If you are injecting many arguments, it may be a good idea to use the kwarg argument to using, which allows you to inject values into arguments by name instead of by position:

>>> @using(kwarg='name_filename', task=name_task)
... @using(kwarg='job_filename', task=job_task)
... def introduce_kwargs(name_filename, job_filename):
...     return introduce(name_filename, job_filename)
>>> @using(kwarg='job_filename', task=job_task)
... @using(kwarg='name_filename', task=name_task)
... def introduce_kwargs_swap(name_filename, job_filename):
...     return introduce(name_filename, job_filename)

Note that the introduce_kwargs and introduce_kwargs_swap functions are identical, but the @using decorators appear in reverse order. In the previous example, this mattered and we ended up with I am King of the Britons, Arthur!. But since now we are using the kwarg argument, the order of the decorators does not matter any more. Both introduce_kwargs and introduce_kwargs_swap will inject the arguments as expected:

>>> intro_kwargs_task = introduce_kwargs.get_task()
>>> intro_kwargs_swap_task = introduce_kwargs_swap.get_task()
>>> env_up, _ = intro_kwargs_task.do(env=env, config=config)
>>> print(env_up[intro_kwargs_task.name]['result'])
I am Arthur, King of the Britons!
>>> env_up, _ = intro_kwargs_swap_task.do(env=env, config=config)
>>> print(env_up[intro_kwargs_swap_task.name]['result'])
I am Arthur, King of the Britons!

Modifying an existing Use decorator

You can pipe the result of the task generated by a Use decorator by using the Use.map method:

>>> intro_stars = introduce.map(lambda x: '★★★' + x + '★★★')

Here intro_stars is a new Use object that will apply the specified function (here, a lambda that surrounds its argument with ★★★ cute little stars ★★★) to the result of intro_task (see above).
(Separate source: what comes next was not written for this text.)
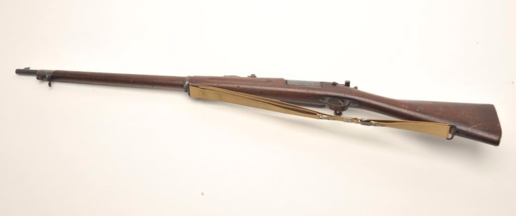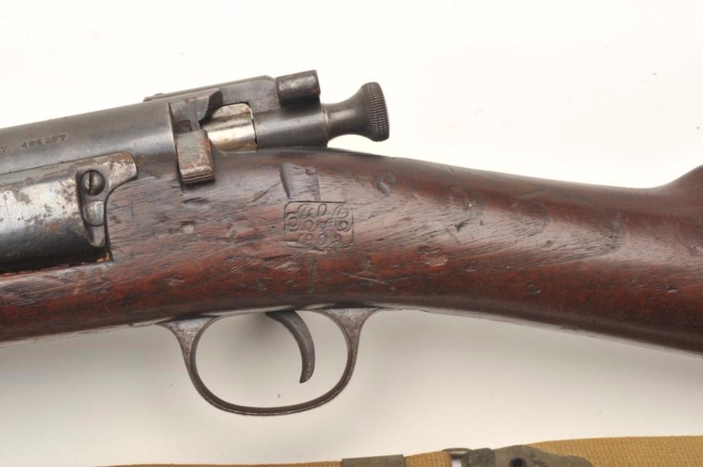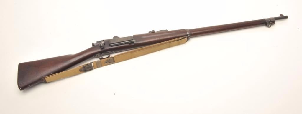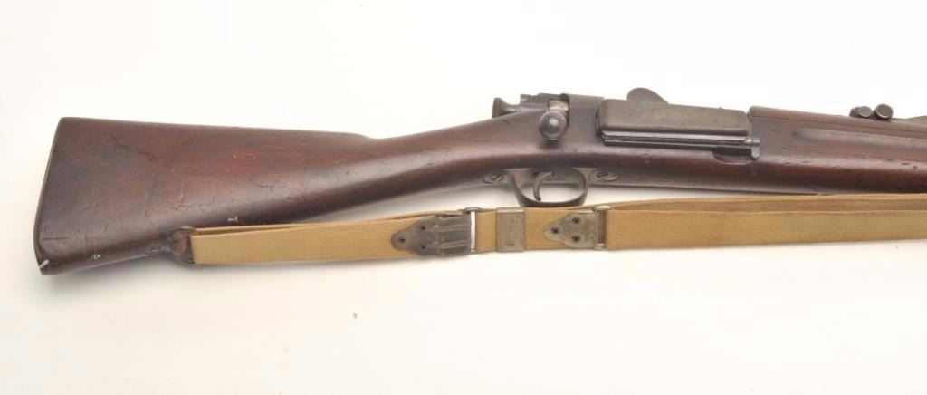 Model 1898 Krag rifle by Springfield Armory, .30-40 cal., in good original condition, serial #464367. The metal surfaces show 60-80% original blue, some erosion, light rust, minor pitting which may clean well.The stocks show a 1903 cartouche which is at least 90% visible; the stocks are good with many small dings, mars, dents, a couple of gouges consistent with military use and storage. The markings are sharp, the bore is at least good, a canvas sling is included. Marked "Nobuckl". Est.: $400-$800

The task associated to intro_stars depends on intro_task:

>>> intro_stars_task = intro_stars.get_task()
>>> intro_task in intro_stars_task.depends_on
True

In our schematic representation, intro_stars and intro_stars_task would appear like this:

digraph depgraph { compound=true; subgraph cluster_intro { label="introduce: Use"; introduce [label="introduce: func" shape=diamond]; } name [label="name_task: Task"]; job [label="job_task: Task"]; intro_task [label="intro_task: Task"]; intro_task -> name [label="depends on"]; intro_task -> job [label="depends on"]; introduce -> intro_task [label=" generates" style=dotted ltail=cluster_intro]; subgraph cluster_stars { label="intro_stars: Use"; color=red; fontcolor=red; stars [label=": <lambda>" shape=diamond color=red fontcolor=red]; } intro_stars_task [label="intro_stars_task: Task" color=red fontcolor=red]; stars -> intro_stars_task [label=" generates" style=dotted ltail=cluster_stars]; intro_stars_task -> intro_task [label="depends on"]; { rank=same intro_task intro_stars_task } }

If we execute intro_stars_task, we find that our string now has stars!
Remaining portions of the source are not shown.